A 'new Berlin wall' built in Munich against refugees


In a bid to segregate migrants from German society, Germany builds a wall separating residents in a Munich neighborhood from a planned refugee hostel. The 4-meter-high wall that runs 100 meters through the neighborhood of Neuperlach is nearing completion. The new wall in Munich, will be higher than the Berlin Wall, which was erected in Berlin from 1961 to 1989, reveals growing anti-humanitarian attitudes towards refugees in the country.City officials agreed to erect the wall several months ago as a concession to seven local plaintiffs who launched a legal bid to stop the construction of the refugee accommodation in early 2014. The video of the wall, taken by a drone, was uploaded on Friday by Guido Bucholtz, an independent politician who opposed its construction.

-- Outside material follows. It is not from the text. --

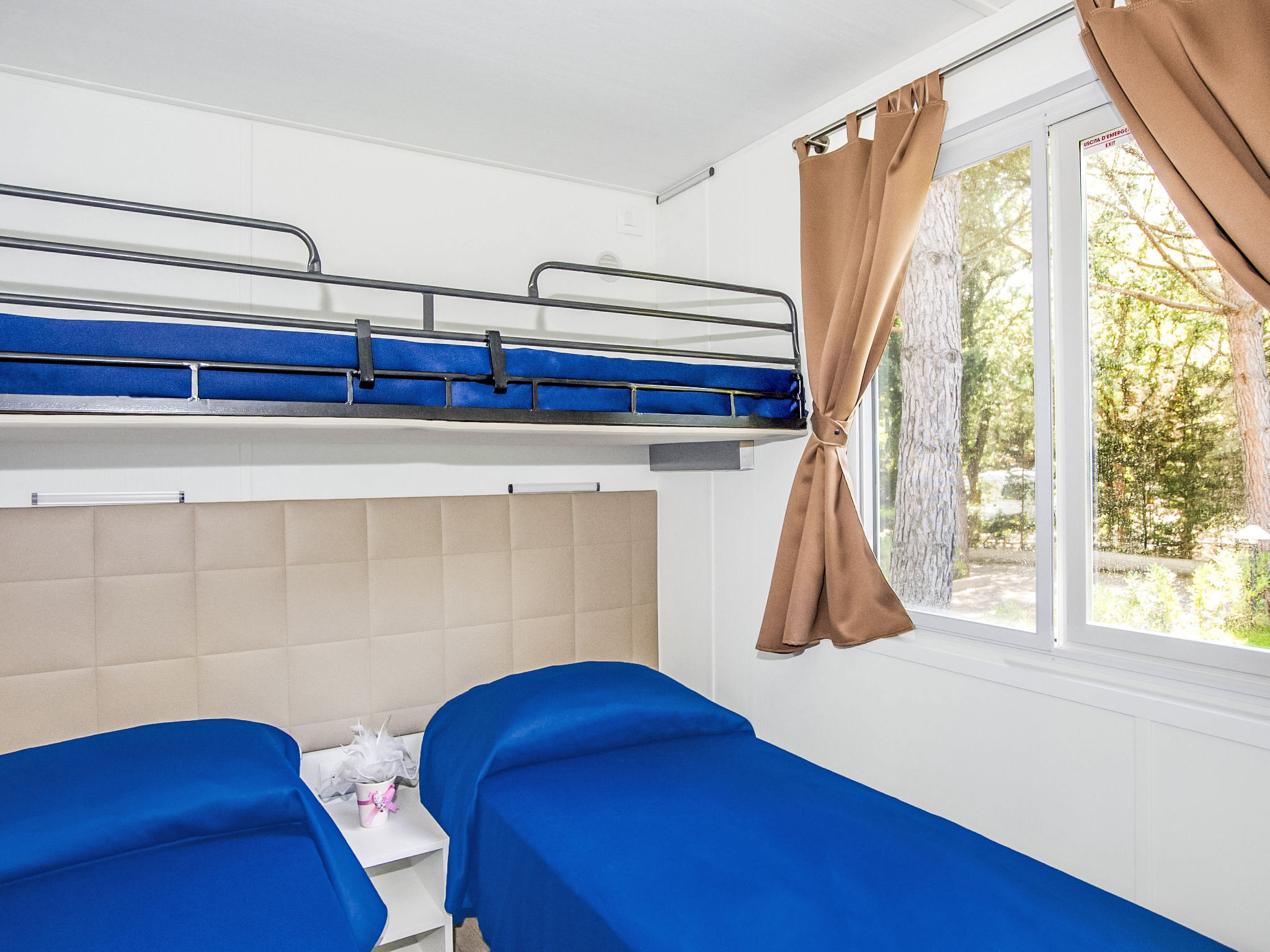 "Bungalow Trendy", 3-Zimmer-Mobilheim 30 m2. Objekt geeignet für 4 Erwachsene + 1 Kind. Zweckmässig und modern eingerichtet: Wohn-/Esszimmer mit TV. Ausgang zur Veranda. 1 Doppelzimmer mit sep. WC. 1 kleines Zimmer mit 3 Betten. Kochnische (4 Flammen, Tiefkühler). Dusche/WC. Klimaanlage. Terrasse 14 m2, Garten. Terrassenmöbel. Zur Verfügung: Safe, Fliegengitter, Haartrockner. Internet (WLAN, gratis). Parkplatz (1 Auto). Bitte beachten: eigener Eingang. IT053006B1ZWQW8ZUA

He also distributed the footage to several local newspapers, prompting the video to be circulated more widely on Monday. "How can it be that you build a wall between residents and refugees with the meager justification of noise mitigation?" Bucholtz told DPA news agency. "This is a signal, you isolate the refugees because you don't want them around," he said. "Those who lock others out are locking themselves in," said Monika Steinhauser, the head of Munich's refugee council.The German community has been polarized by the influx of some 890,000 asylum seekers last year with another 213,000 applying in the first nine months of 2016. Although fewer migrants have entered the country in 2016, parties on the far right have called for an immigration cap. The Alternative for Germany (AfD) party has capitalized on the widespread discontent about the arrival of the large number of migrants, which it argues resulted from German Chancellor Merkel's promise of sanctuary to Syrian refugees.